Summary
In Apex Leasing Company, Inc., v. White Enamel R. Co. (202 A.D. 354) it was held, following the rule of the Ogden Case (supra), that a covenant to pay a specified percentage of an increase in taxes which might be imposed during the period of the lease rendered the tenant liable in connection with taxes imposed prior to the expiration of the lease on April thirtieth, although they did not become due or payable until May first and November first of the same year.
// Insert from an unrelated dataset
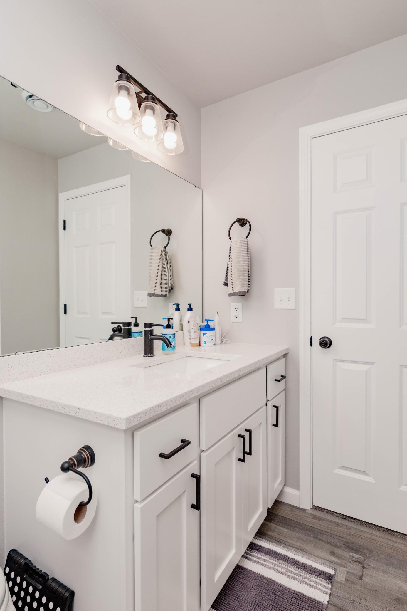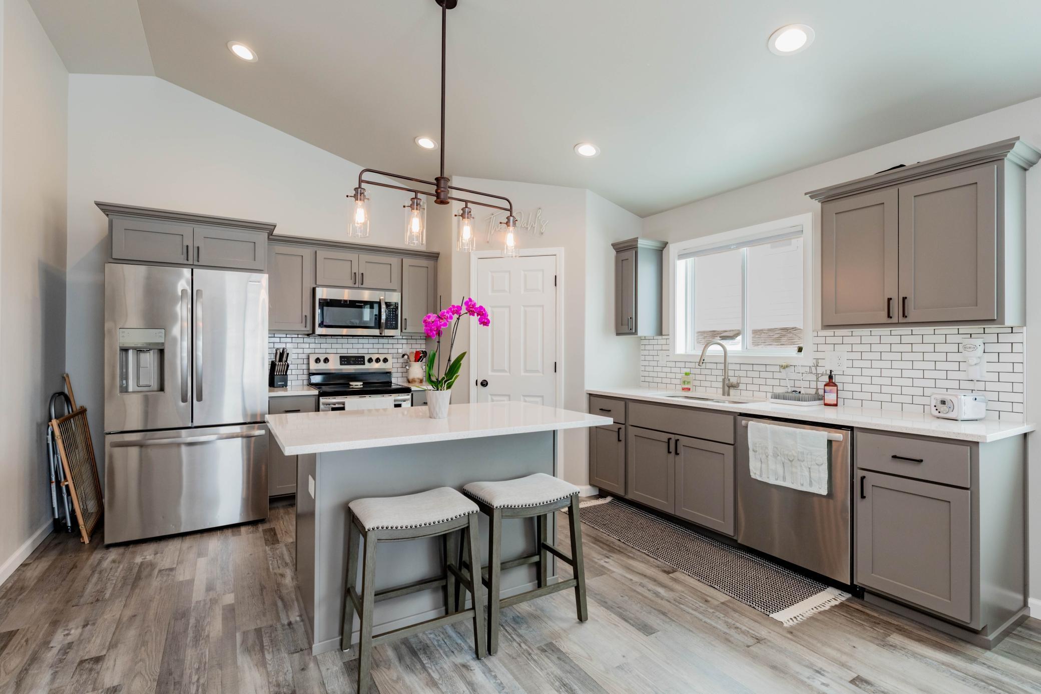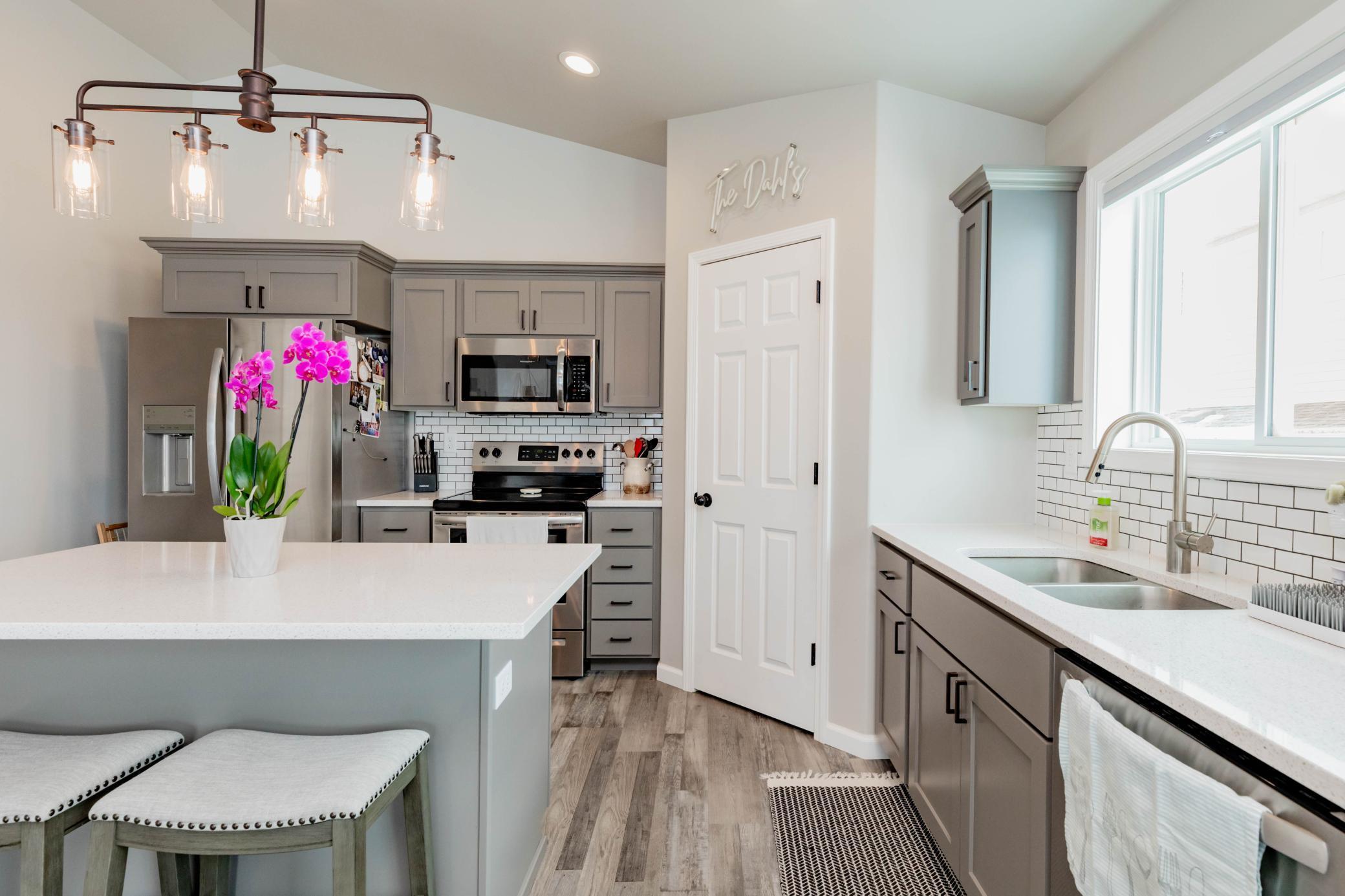 Welcome to this move-in ready 3 bedroom, 3 bathroom home offering a functional layout and modern finishes throughout. The upper level is designed for both everyday living and entertaining, featuring an open-concept kitchen, dining, and living area. The kitchen stands out with custom cabinets, quartz countertops, tile backsplash, stainless steel appliances, a center island, and a walk-in corner pantryplenty of space for prep and storage. Just off the kitchen, youll find a convenient half bath, while the living room features a shiplap built-in electric fireplace and access to the deck.Vinyl plank flooring runs throughout the kitchen, living room, dining area, bathrooms, entry, and laundry room, creating a durable and cohesive look.The primary suite is located on the upper level and includes a private bathroom and walk-in closet.The lower level offers additional living space with a spacious family room featuring a second shiplap built-in fireplace, along with two additional bedrooms, a full bathroom, and a dedicated laundry room.Quartz countertops carry throughout both the kitchen and bathrooms, adding a clean, consistent finish. The heated garage includes a floor drain, providing year-round convenience.With multiple living spaces, upgraded finishes, and a well-designed layout, this home checks all the boxes.Schedule your private showing today!

Summary of this case from Big Four Realty Corporation v. Belnord GarageOpinion
July 14, 1922.
Walter H. Bond, for the plaintiff.
Joseph J. Myers, for the defendant.
On the 21st of June, 1913, the plaintiff, by an instrument in writing, leased to the defendant a store in the buildings known as 47-61 West Forty-second street for the period of seven years and nine months commencing August first that year and terminating at midnight on the 30th of April, 1921. The controversy is concerning the construction of the provisions of the lease imposing upon the tenant an obligation with respect to the payment of part of the taxes. It is provided in the lease that the tenant shall pay rent at the rate of $13,300 per annum from the commencement of the term until the 30th of April, 1915, and $1,000 more per annum for the next three years, and $15,300 for the remaining three years of the term. The provisions of the lease with respect to the payment of taxes by the tenant are as follows: "The tenant agrees to pay as rent six per cent. of increase in the amount of Real Estate taxes over and above the sum of $36,200 which may be imposed upon the property of which the premises hereby demised are a part, in any and every year during the period of this lease. Such amount to be paid within five days after the amount thereof has been demanded by the landlord and it shall be collectible as rent. A tax bill shall be sufficient evidence of the amount of taxes and for calculation of the amount to be paid by the tenant."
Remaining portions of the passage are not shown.